How to complete this task -> Please reproduce the lines of the records below from the one holding "在此基礎(chǔ)上,通過基" through the one holding "ca.1910: ungebrauchte patriotische", inclusive, skipping all pictures.

Material for this exercise ->
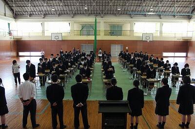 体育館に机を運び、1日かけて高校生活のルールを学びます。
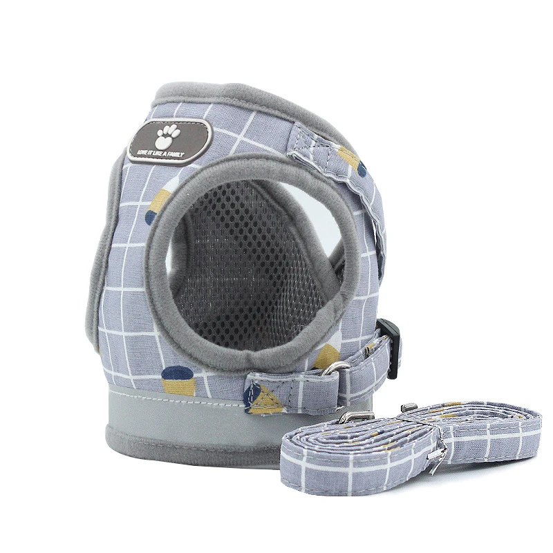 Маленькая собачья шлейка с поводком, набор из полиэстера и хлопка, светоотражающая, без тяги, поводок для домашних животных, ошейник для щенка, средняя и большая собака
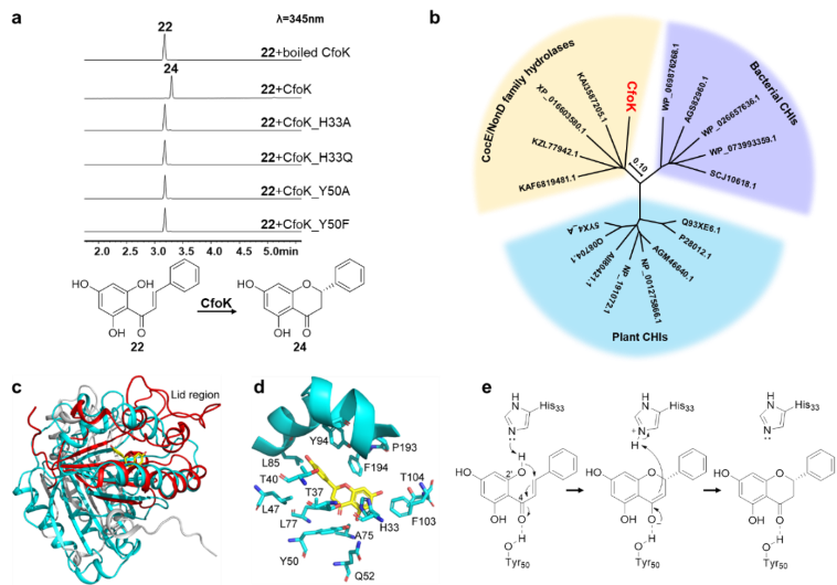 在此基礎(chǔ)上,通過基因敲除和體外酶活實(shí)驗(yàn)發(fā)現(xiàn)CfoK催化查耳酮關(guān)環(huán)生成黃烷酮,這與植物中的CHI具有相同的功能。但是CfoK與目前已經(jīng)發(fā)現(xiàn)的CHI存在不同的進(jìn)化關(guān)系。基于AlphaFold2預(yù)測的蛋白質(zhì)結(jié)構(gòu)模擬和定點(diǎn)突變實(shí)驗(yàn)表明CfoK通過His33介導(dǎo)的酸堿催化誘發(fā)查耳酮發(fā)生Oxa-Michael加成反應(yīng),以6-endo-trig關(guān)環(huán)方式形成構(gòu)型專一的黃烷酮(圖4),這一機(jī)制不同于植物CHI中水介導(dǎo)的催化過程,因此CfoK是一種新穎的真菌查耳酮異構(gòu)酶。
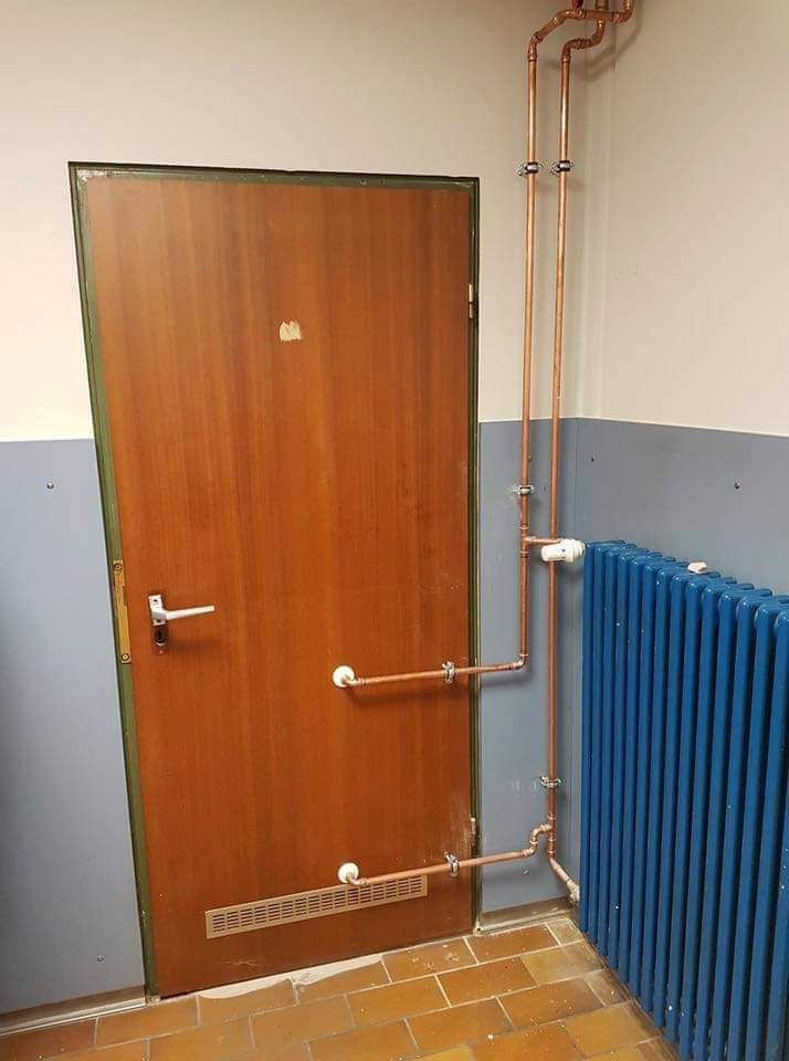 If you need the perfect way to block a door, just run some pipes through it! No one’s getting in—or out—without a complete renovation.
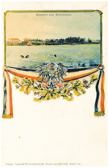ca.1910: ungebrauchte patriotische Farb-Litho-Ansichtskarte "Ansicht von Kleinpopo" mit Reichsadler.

---

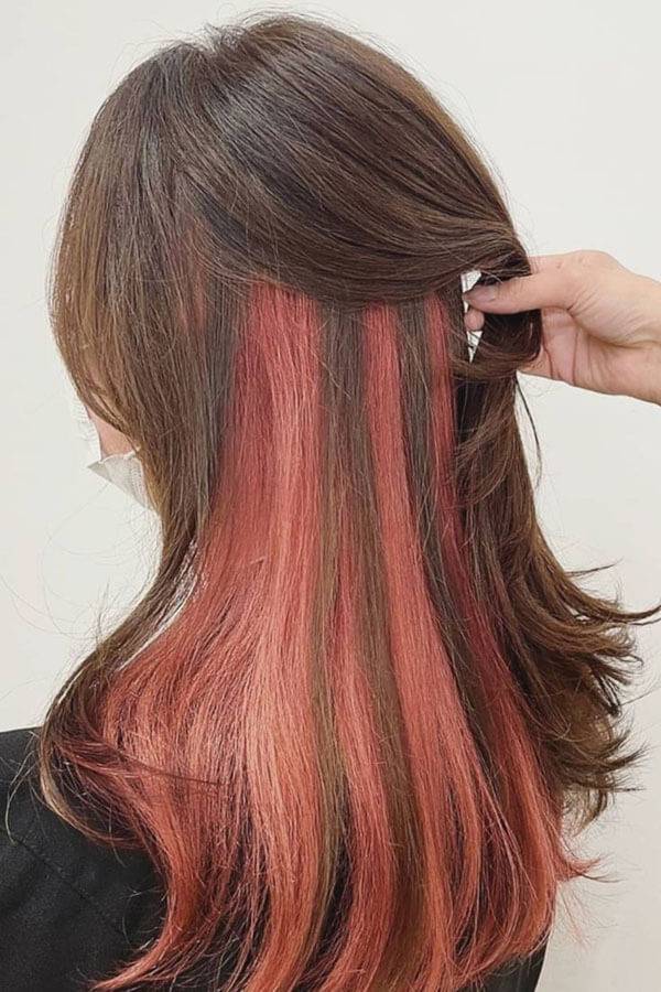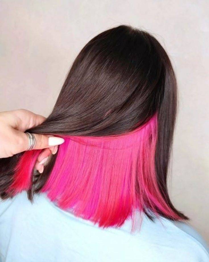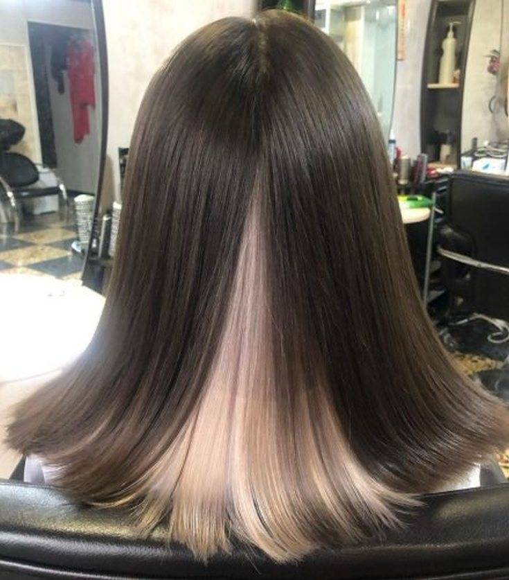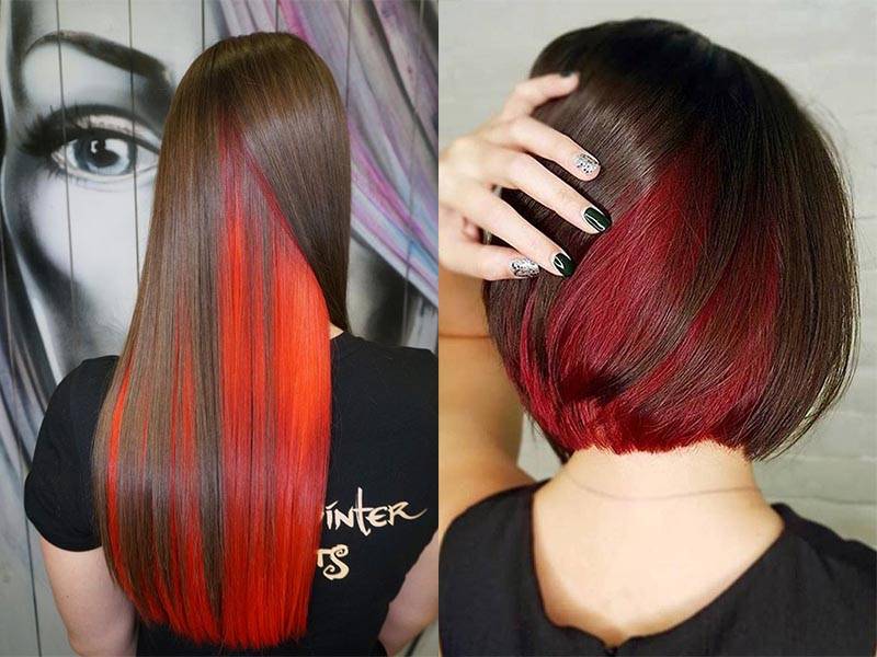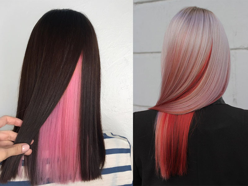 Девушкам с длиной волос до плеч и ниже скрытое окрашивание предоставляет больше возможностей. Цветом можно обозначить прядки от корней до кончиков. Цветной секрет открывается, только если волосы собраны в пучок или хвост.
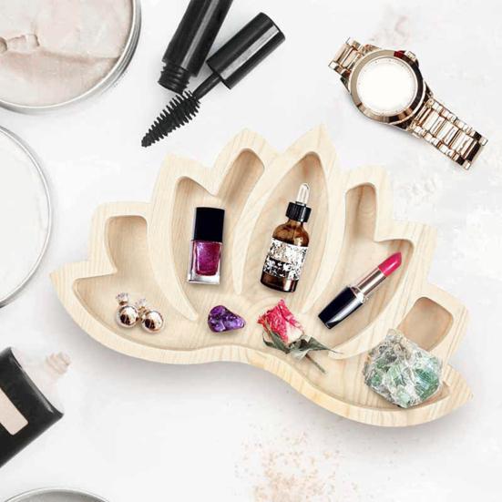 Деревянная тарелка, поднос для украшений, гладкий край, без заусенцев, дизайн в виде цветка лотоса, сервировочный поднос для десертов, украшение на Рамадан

Written response ->
 在此基礎(chǔ)上,通過基因敲除和體外酶活實(shí)驗(yàn)發(fā)現(xiàn)CfoK催化查耳酮關(guān)環(huán)生成黃烷酮,這與植物中的CHI具有相同的功能。但是CfoK與目前已經(jīng)發(fā)現(xiàn)的CHI存在不同的進(jìn)化關(guān)系。基于AlphaFold2預(yù)測的蛋白質(zhì)結(jié)構(gòu)模擬和定點(diǎn)突變實(shí)驗(yàn)表明CfoK通過His33介導(dǎo)的酸堿催化誘發(fā)查耳酮發(fā)生Oxa-Michael加成反應(yīng),以6-endo-trig關(guān)環(huán)方式形成構(gòu)型專一的黃烷酮(圖4),這一機(jī)制不同于植物CHI中水介導(dǎo)的催化過程,因此CfoK是一種新穎的真菌查耳酮異構(gòu)酶。
 If you need the perfect way to block a door, just run some pipes through it! No one’s getting in—or out—without a complete renovation.
ca.1910: ungebrauchte patriotische Farb-Litho-Ansichtskarte "Ansicht von Kleinpopo" mit Reichsadler.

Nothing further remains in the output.